Changing priorities as a writer – what happens when you don’t want to write that book?

The academic year is coming to a close meaning I’m drawing ever closer to the end of my second year at University. It’s been a very odd year with all my classes being online, but I’ve been very busy and growing so much.

I started my degree wanting to write novels, it came to no surprise to anyone who knew me. It’s been a childhood dream of mine, and I’ve been writing for so many years. I knew it would be possible to achieve this dream, I just had to work hard for it.

The dream was to one day become a full-time author and by the end of my first year I had my first book outlined, the plot was sorted and all I needed was to write it. I was excited, but also tired. I put it down to the global pandemic, I’d had to leave University very fast, the UK got put into lockdown and life changed overnight.

I tried to get excited during lockdown, trying to convince myself that this was an amazing time to sit down and write this book. I couldn’t go anywhere, I wasn’t at University with my friends to distract me, shops were closed too, same with events. In my mind this was the perfect time to write.

But I didn’t want to write the book and before I knew it, it was September, I was back at University.

As part of my degree, I’ve taken modules on writing children’s fiction, the novel, poetry and creative non-fiction. So much of my degree was revolved around becoming a full-time author one day. But I came to realise a few months ago that I’m not all that interested in writing a novel at this point in my life.

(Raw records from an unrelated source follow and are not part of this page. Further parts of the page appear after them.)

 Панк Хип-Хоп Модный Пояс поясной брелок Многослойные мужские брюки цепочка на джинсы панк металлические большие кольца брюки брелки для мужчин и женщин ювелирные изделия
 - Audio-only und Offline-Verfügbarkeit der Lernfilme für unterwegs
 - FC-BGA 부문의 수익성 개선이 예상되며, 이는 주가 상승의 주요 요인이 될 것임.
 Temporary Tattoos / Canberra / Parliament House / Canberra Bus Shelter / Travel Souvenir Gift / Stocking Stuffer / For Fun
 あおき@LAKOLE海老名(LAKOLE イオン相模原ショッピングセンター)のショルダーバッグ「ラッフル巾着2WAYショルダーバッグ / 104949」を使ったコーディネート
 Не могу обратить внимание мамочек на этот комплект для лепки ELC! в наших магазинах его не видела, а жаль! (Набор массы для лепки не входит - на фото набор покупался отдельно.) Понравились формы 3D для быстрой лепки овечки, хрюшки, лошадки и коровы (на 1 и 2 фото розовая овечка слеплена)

It started when I took a journalism module in my first year… I hated it (the lecturer was awesome, and the classes were too, but becoming a journalist didn’t sit right with me at all) and I swore I’d never take journalism again. However, I took it again in my second year and I’ve just chosen it again for my third year. As much as becoming a journalist didn’t sit right with me, I was enjoying the professional side of writing.

All my life writing was just about books, I never knew there was another side to it. But University introduced me to journalism, editing, proofreading and the role of a copywriter.

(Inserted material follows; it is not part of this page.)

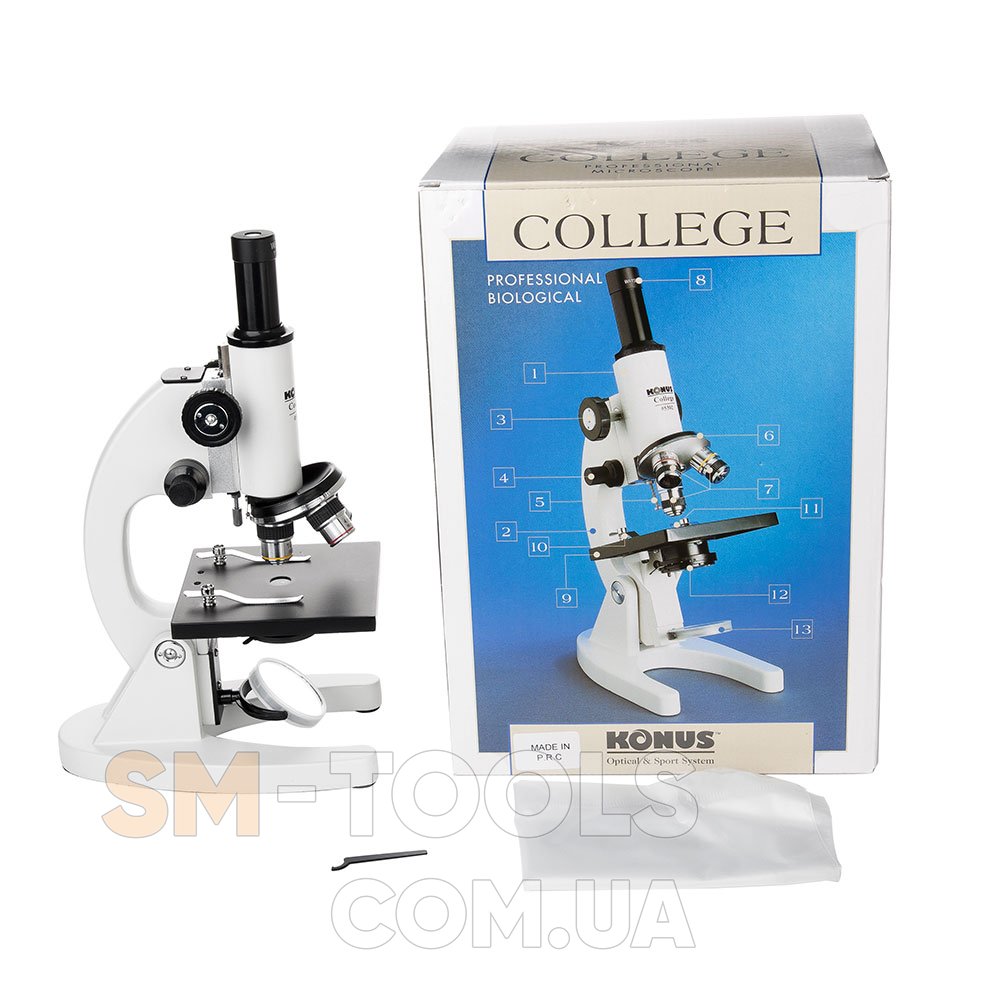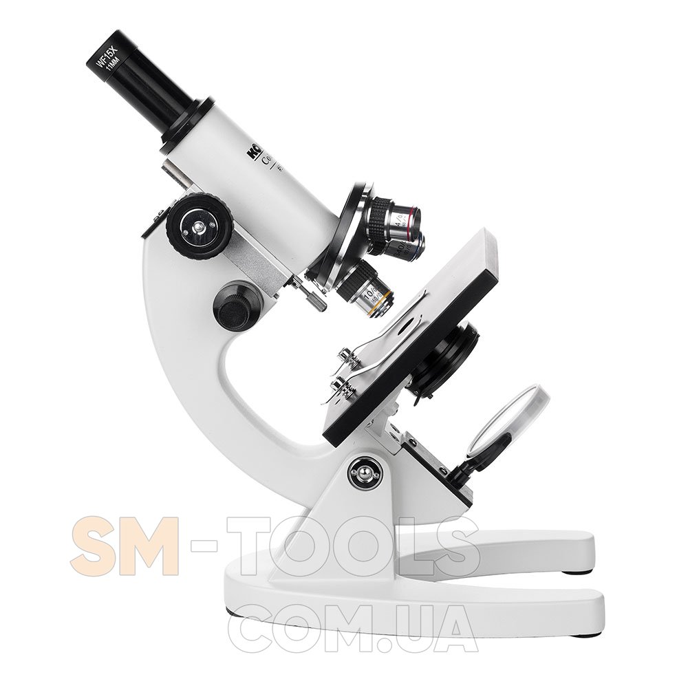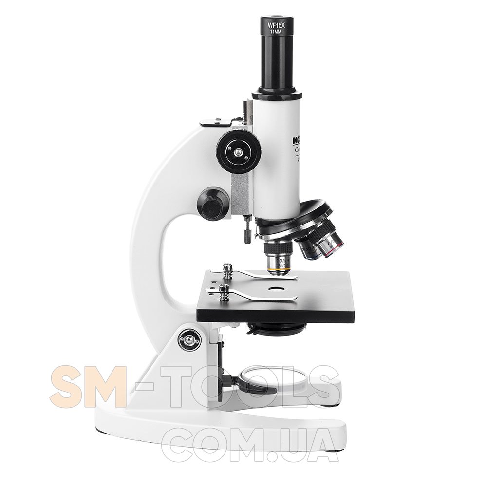 Монокулярный 3-х объективный световой микроскоп. Максимальное увеличение 600X. Фокусное расстояние 160 мм.

It was copywriting that caught my eye. It was like a puzzle but in writing form, the perfect combination of creativity and business (something I had studied at college). So, I went on work experience and tried out this new and shiny career in the real world and fell in love with it even more.

This caused a bit of an identity crisis as a writer. Suddenly I wasn’t spending my evenings working on my book, I was studying on writing copy and how to advertise and use social media. But that’s not what writers do, writers are meant to pour all their free time into the novel in progress, right?

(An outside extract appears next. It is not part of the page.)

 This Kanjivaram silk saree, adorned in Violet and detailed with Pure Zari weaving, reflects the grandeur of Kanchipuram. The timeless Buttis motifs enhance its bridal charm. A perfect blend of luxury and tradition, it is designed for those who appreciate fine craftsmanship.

Finally, I made peace with my growth as a writer, I’d came to accept that I’d changed, and my priorities had shifted. I wasn’t going to be writing a novel any time soon, I still want to don’t get me wrong, but it’s not for this chapter of my life.

Whilst this was going on I was falling back in love with poetry. I was reading it more and, more importantly, writing it more. It became my creative outlet, my stress buster, and a way to express myself. My mind began to daydream about writing a chapbook and one day a whole poetry collection. Sure, there’s not a lot of money in it, but it would be a labour of love. As more of my assignments were submitted and more poems were created, I felt a new aim forming.

One day I’ll write a novel, and have it published, one day I’ll do that. But right now, I’m taking a new path as a writer. My degree is in creative and professional writing and for a long time I’ve only seen the creative side as my long-term goal. But I’ve learned there’s nothing wrong with wanting to get a job in copywriting, in marketing. Sure, it’s not as glamorous as being able to say I write books for a living, but it’s a job and one I enjoy.

So that’s what I’m going to do for now, learn industry standards and go down the professional writing route. In my spare time (and hopefully for my dissertation) I’ll work on getting that poetry collection sorted. Who knows what my final year of University will bring me, maybe I’ll end up finishing that book, maybe I’ll discover something new, who knows?